▸ Task requirements: Repeat the records below word for word, but start at the line that contains "现年30岁拉比奥特,身高1.", stop after the last line, and include nothing else.

▸ Stored data:
☆ ☆ ☆

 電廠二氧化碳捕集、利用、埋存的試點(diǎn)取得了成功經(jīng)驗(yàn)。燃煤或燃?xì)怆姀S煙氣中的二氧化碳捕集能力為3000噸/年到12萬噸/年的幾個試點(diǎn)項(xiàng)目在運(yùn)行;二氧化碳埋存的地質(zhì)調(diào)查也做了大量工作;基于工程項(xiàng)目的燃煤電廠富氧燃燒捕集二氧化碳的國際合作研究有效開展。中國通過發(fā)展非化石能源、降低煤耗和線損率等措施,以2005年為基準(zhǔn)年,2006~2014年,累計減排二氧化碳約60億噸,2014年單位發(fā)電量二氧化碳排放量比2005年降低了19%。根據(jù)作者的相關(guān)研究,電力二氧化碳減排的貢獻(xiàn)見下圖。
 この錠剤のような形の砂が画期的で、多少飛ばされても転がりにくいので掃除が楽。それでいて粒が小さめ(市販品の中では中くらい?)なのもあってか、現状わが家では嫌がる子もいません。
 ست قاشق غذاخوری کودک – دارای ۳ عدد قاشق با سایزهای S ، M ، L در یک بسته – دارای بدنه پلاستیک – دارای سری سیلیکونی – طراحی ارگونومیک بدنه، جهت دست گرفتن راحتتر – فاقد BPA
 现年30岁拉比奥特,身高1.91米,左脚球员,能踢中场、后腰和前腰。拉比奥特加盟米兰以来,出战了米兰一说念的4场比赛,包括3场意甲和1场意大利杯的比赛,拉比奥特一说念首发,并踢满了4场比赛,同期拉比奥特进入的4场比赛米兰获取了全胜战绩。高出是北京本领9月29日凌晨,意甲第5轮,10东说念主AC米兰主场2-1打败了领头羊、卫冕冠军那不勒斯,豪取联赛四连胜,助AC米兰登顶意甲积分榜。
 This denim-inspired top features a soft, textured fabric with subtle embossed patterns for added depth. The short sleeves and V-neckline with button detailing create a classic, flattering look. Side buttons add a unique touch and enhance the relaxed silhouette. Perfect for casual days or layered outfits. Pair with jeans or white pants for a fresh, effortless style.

☆ ☆ ☆

▸ Exercise result:
 现年30岁拉比奥特,身高1.91米,左脚球员,能踢中场、后腰和前腰。拉比奥特加盟米兰以来,出战了米兰一说念的4场比赛,包括3场意甲和1场意大利杯的比赛,拉比奥特一说念首发,并踢满了4场比赛,同期拉比奥特进入的4场比赛米兰获取了全胜战绩。高出是北京本领9月29日凌晨,意甲第5轮,10东说念主AC米兰主场2-1打败了领头羊、卫冕冠军那不勒斯,豪取联赛四连胜,助AC米兰登顶意甲积分榜。
 This denim-inspired top features a soft, textured fabric with subtle embossed patterns for added depth. The short sleeves and V-neckline with button detailing create a classic, flattering look. Side buttons add a unique touch and enhance the relaxed silhouette. Perfect for casual days or layered outfits. Pair with jeans or white pants for a fresh, effortless style.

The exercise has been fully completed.